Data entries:
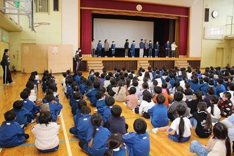 12月17日(水)昼、体育館で保健委員会の全校集会を行いました。冬らしい日が多くなって、かぜやインフルエンザにかかる子も目立ちます。毎日元気で過ごせるように「元気のコツ」を考える集会です。保健委員の子たちが、うがい・手洗い、換気、早寝早起き、バランスのよい食事など元気のコツを紹介してくれました。クイズや体をほぐして温めるストレッチ運動もみんなでやってみました。少し動いただけでも、体が温かくなりました。その後で、今月の歌「チャレンジ」を元気よく歌いました。元気に体を動かし、元気な声で歌って、かぜやインフルエンザにも負けませんね。
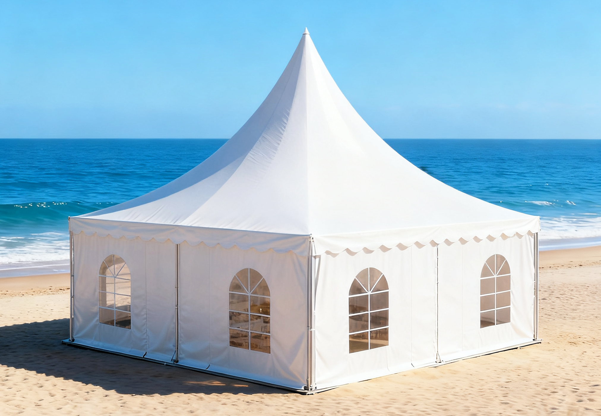篷房主體框架采用高強度鋁合金材料,重量輕、耐腐蝕、不生銹,確保了在戶外環(huán)境中的穩(wěn)定性。篷布則采用高質量的PVC刀刮膜涂層布,具備優(yōu)異的防風、防雨、防曬和阻燃性能,抗風能力可達8-10級,尖頂造型還有利于雨雪快速滑落,提升復雜氣候下的使用安全性。
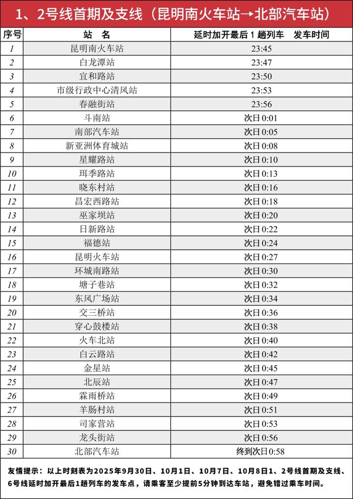 为方便晚间抵昆旅客的顺利出行,做好高铁站、机场的地铁运输接驳工作,昆明地铁将在以下日期延长运营服务时间:9月30日、10月1日、10月7日、10月8日。
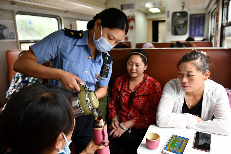 列車上沒有鍋爐間,飲用熱水需要乘務(wù)人員從漢中、陽平關(guān)車站進(jìn)行補(bǔ)給。圖為乘務(wù)員為旅客添開水。(8月22日攝)
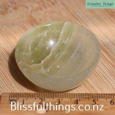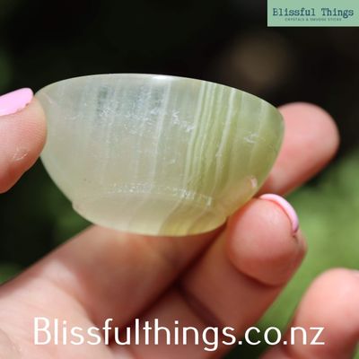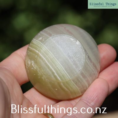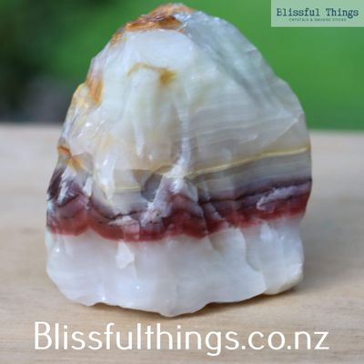 Banded calcite, also marketed as onyx, is a striking variety of the mineral calcite, characterised by its distinct, layered bands of varying colours, typically white, orange, yellow, brown, and sometimes even green.  The bands in banded calcite are a result of different mineral impurities or variations in crystal growth conditions over time. Metaphysically, banded calcite is considered a powerful stone for emotional healing and balance. Each color band is believed to correspond with specific energies—orange and yellow bands are said to support creativity, vitality, and self-confidence. In contrast, white or clear bands are thought to bring clarity and purification. This stone is also known for its ability to calm stress and promote a sense of inner peace, making it a popular tool in meditation and energy healing practices. Banded calcite is often used to clear stagnant energy and foster a sense of renewal, providing a gentle yet effective way to restore harmony to both the mind and the environment.

What needs to be done - Repeat exactly the lines from the start of the entries down to the line with "列車上沒有鍋爐間,飲用熱水需", keeping both ends but none of the pictures.

Result -
 12月17日(水)昼、体育館で保健委員会の全校集会を行いました。冬らしい日が多くなって、かぜやインフルエンザにかかる子も目立ちます。毎日元気で過ごせるように「元気のコツ」を考える集会です。保健委員の子たちが、うがい・手洗い、換気、早寝早起き、バランスのよい食事など元気のコツを紹介してくれました。クイズや体をほぐして温めるストレッチ運動もみんなでやってみました。少し動いただけでも、体が温かくなりました。その後で、今月の歌「チャレンジ」を元気よく歌いました。元気に体を動かし、元気な声で歌って、かぜやインフルエンザにも負けませんね。
篷房主體框架采用高強度鋁合金材料,重量輕、耐腐蝕、不生銹,確保了在戶外環(huán)境中的穩(wěn)定性。篷布則采用高質量的PVC刀刮膜涂層布,具備優(yōu)異的防風、防雨、防曬和阻燃性能,抗風能力可達8-10級,尖頂造型還有利于雨雪快速滑落,提升復雜氣候下的使用安全性。
 为方便晚间抵昆旅客的顺利出行,做好高铁站、机场的地铁运输接驳工作,昆明地铁将在以下日期延长运营服务时间:9月30日、10月1日、10月7日、10月8日。
 列車上沒有鍋爐間,飲用熱水需要乘務(wù)人員從漢中、陽平關(guān)車站進(jìn)行補(bǔ)給。圖為乘務(wù)員為旅客添開水。(8月22日攝)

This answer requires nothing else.